**Work order**
Only one stretch of the data below is needed. Output the lines from the one with "kemasan kantong plastik" up to and including the one with "If you look", exactly as they stand.
Top of Data provided
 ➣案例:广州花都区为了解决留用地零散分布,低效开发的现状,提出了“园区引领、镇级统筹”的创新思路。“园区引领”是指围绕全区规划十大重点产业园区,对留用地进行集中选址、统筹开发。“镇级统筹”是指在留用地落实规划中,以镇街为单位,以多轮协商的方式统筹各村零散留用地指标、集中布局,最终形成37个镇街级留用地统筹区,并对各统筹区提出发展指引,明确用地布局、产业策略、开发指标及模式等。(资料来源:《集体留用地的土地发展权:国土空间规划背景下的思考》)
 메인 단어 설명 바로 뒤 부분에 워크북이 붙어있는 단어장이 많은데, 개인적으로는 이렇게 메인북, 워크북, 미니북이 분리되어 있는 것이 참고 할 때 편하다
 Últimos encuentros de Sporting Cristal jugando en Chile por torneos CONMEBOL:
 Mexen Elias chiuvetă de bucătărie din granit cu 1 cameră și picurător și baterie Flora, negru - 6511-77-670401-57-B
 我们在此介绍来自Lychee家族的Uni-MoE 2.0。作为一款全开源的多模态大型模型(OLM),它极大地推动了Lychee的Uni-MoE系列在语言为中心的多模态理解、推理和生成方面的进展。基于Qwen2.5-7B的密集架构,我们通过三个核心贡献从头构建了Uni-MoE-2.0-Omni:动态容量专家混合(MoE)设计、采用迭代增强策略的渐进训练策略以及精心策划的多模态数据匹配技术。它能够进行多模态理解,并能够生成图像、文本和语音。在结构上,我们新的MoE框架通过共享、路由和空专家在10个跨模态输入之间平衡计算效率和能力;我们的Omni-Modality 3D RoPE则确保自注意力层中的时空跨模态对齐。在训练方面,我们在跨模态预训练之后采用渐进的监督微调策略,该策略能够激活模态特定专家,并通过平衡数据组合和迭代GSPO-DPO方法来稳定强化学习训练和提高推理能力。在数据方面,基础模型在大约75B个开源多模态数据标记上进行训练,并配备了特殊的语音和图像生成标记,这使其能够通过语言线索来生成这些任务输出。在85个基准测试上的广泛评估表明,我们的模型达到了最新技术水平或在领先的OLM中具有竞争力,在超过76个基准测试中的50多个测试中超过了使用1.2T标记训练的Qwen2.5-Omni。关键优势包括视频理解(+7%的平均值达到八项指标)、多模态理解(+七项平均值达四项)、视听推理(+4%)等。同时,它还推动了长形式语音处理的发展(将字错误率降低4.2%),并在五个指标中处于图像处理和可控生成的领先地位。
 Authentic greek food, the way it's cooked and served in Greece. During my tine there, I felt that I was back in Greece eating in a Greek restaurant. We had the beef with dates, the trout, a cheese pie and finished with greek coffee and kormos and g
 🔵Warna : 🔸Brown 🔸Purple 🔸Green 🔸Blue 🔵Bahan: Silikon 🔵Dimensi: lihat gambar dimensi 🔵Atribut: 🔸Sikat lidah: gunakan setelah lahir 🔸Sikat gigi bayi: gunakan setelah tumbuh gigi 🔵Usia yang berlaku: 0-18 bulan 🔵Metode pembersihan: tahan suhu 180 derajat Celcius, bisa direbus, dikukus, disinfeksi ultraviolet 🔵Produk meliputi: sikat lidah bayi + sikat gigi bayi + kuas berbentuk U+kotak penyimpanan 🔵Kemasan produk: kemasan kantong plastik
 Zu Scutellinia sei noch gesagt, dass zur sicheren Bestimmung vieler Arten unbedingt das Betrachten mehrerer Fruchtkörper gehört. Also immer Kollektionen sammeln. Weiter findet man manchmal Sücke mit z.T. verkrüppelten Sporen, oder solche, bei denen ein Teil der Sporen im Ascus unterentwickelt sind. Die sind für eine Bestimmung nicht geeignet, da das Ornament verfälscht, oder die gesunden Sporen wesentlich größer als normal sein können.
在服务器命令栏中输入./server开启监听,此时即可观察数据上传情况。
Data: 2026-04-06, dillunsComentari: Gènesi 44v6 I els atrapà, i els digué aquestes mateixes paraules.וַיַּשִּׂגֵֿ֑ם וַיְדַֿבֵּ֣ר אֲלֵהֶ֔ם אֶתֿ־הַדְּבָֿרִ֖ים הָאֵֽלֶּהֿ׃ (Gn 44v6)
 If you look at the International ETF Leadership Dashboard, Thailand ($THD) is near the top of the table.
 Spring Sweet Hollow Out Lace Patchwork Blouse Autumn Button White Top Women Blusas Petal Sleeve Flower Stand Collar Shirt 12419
Bottom of Data provided
Top of Data provided
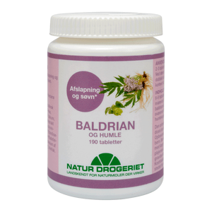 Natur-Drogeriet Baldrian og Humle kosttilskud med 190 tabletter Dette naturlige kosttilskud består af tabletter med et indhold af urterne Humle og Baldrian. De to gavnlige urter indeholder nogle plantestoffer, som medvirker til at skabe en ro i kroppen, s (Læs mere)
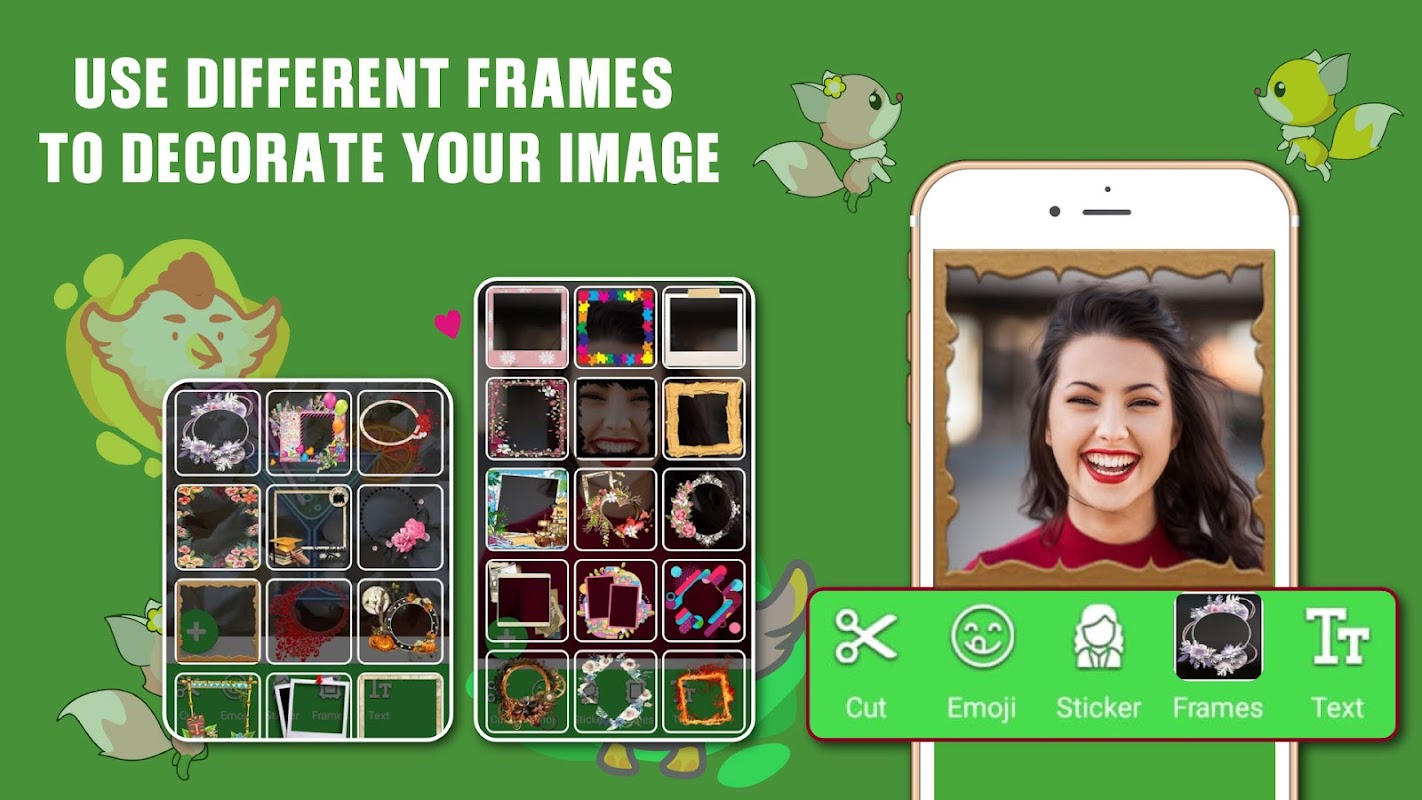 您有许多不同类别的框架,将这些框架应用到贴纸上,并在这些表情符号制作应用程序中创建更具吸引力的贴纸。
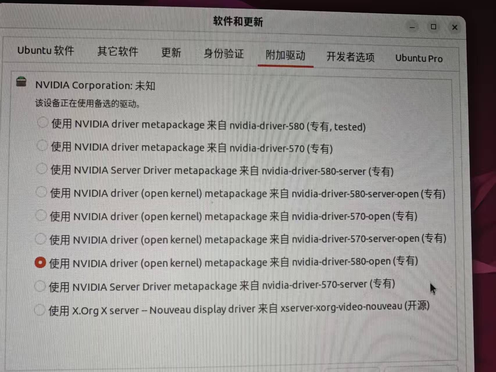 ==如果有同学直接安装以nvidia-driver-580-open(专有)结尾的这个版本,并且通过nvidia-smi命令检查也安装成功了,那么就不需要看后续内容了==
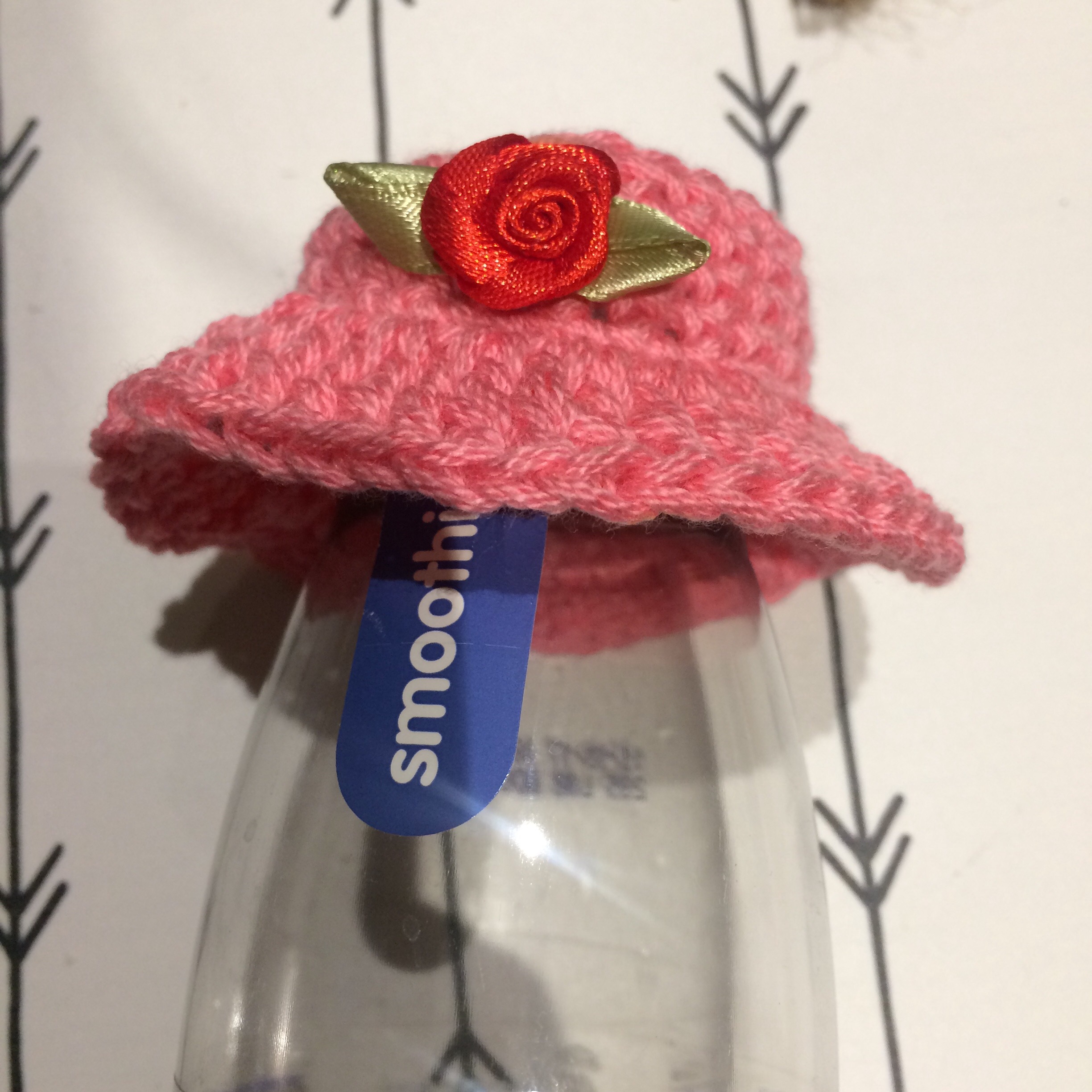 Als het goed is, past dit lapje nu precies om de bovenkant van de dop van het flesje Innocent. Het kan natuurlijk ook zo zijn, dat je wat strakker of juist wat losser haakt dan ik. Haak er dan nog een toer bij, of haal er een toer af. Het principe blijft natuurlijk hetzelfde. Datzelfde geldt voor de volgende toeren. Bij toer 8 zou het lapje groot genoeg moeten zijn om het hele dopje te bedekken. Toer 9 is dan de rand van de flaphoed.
Bottom of Data provided
**Solution for this problem**
 🔵Warna : 🔸Brown 🔸Purple 🔸Green 🔸Blue 🔵Bahan: Silikon 🔵Dimensi: lihat gambar dimensi 🔵Atribut: 🔸Sikat lidah: gunakan setelah lahir 🔸Sikat gigi bayi: gunakan setelah tumbuh gigi 🔵Usia yang berlaku: 0-18 bulan 🔵Metode pembersihan: tahan suhu 180 derajat Celcius, bisa direbus, dikukus, disinfeksi ultraviolet 🔵Produk meliputi: sikat lidah bayi + sikat gigi bayi + kuas berbentuk U+kotak penyimpanan 🔵Kemasan produk: kemasan kantong plastik
 Zu Scutellinia sei noch gesagt, dass zur sicheren Bestimmung vieler Arten unbedingt das Betrachten mehrerer Fruchtkörper gehört. Also immer Kollektionen sammeln. Weiter findet man manchmal Sücke mit z.T. verkrüppelten Sporen, oder solche, bei denen ein Teil der Sporen im Ascus unterentwickelt sind. Die sind für eine Bestimmung nicht geeignet, da das Ornament verfälscht, oder die gesunden Sporen wesentlich größer als normal sein können.
在服务器命令栏中输入./server开启监听,此时即可观察数据上传情况。
Data: 2026-04-06, dillunsComentari: Gènesi 44v6 I els atrapà, i els digué aquestes mateixes paraules.וַיַּשִּׂגֵֿ֑ם וַיְדַֿבֵּ֣ר אֲלֵהֶ֔ם אֶתֿ־הַדְּבָֿרִ֖ים הָאֵֽלֶּהֿ׃ (Gn 44v6)
 If you look at the International ETF Leadership Dashboard, Thailand ($THD) is near the top of the table.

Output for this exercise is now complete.